Professor of Laboratory Medicine and Pathology, University of Minnesota and
Director, NLM Training Program in Medical Informatics

Dr. Gatewood is Director of the Neuroinformatics Core for the International Neuroimaging Consortium (INC). She supervises outreach activities for the collaboratory, including the Website, interactive demonstrations, tutorial presentations and conference coordination. In addition, she co-directs a major National Library of Medicine (NLM) training grant in medical informatics, one of the first programs in the field now in its 28th year of NIH funding. This program provides informatics research opportunities, graduate programs and computer resources for medical and graduate students, health professionals and postdoctoral fellows. She has been active in clinical research and its information systems support for the past 30 years. Other research interests include regional immunization registries, integration of public health recording systems and other applications of public health informatics.

She was previously Director of the National Micropopulation Simulation Resource (NMSR), funded by NIH (National Center for Research Resources) 1983-1998 to promote the use of Monte Carlo and micropopulation models in biomedical research.
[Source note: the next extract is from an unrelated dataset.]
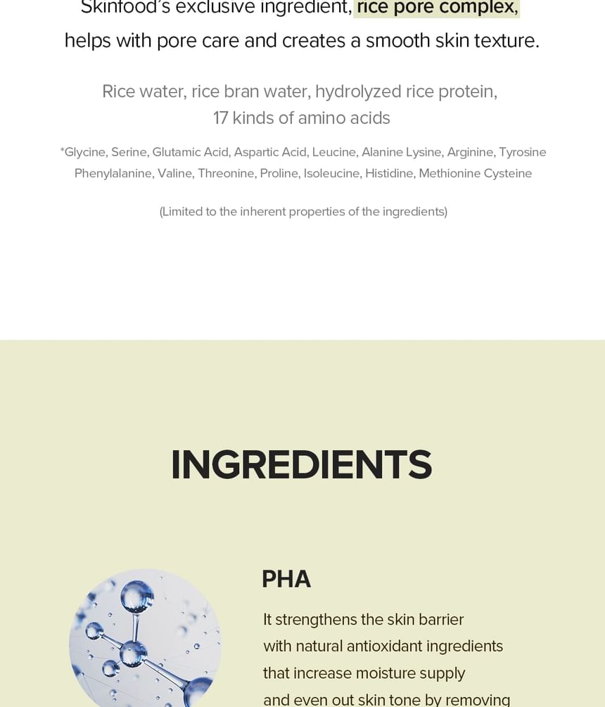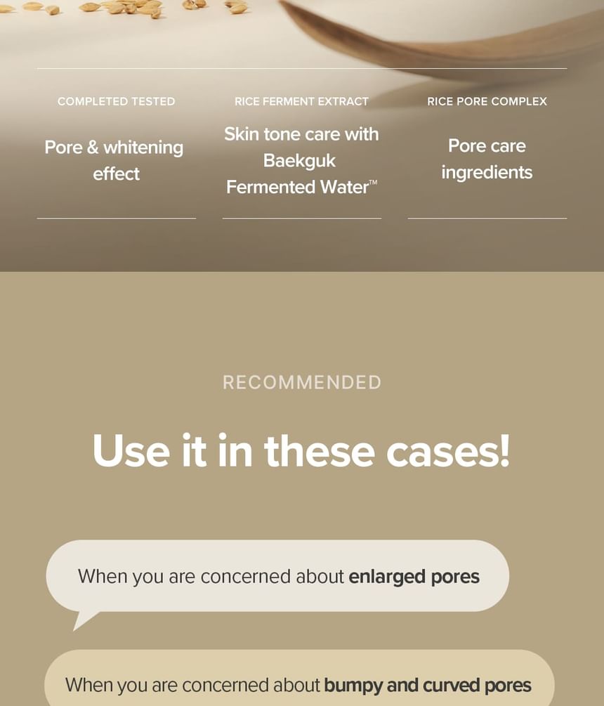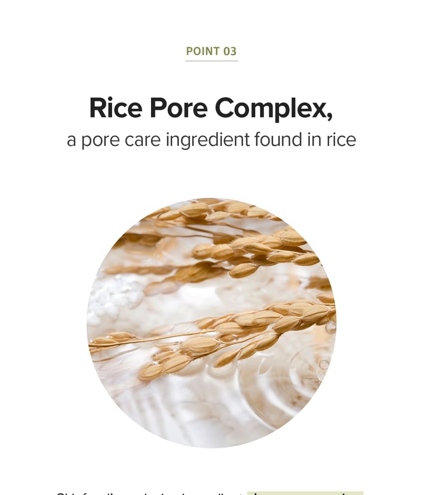 Enriched with Rice Pore Complex to improve skin elasticity and enlarged pores for clear skin.

The NMSR center was unique in that it explored micropopulations of interest to epidemiologists, demographers and those in health services research. In micropopulation simulations, each subject can have a different timecourse for discrete events, which allows analysis of natural disease patterns, prevention and/or interventions over a period of time. It was possible to assemble a population with known genetic characteristics against which to test new methods of genetic analysis, as in linkage or segregation studies. The models were used to simulate population patterns of infectious disease as well as to study chronic diseases such as heart attack, stroke, cancer, arthritis, diabetes. These studies helped scientists understand how disease traits spread through generations, new methods of primary/secondary prevention and the role of risk-factor exposures, such as smoking or diet. Other studies included the complex pattern of intravenous drug use and HIV infection, as well as the efficacy of treatments in a simulated closed population in high-risk areas. Similar models helped to evaluate patterns of influenza nfection and vaccine efficacy in confined populations such as nursing home residents and children in day-care centers.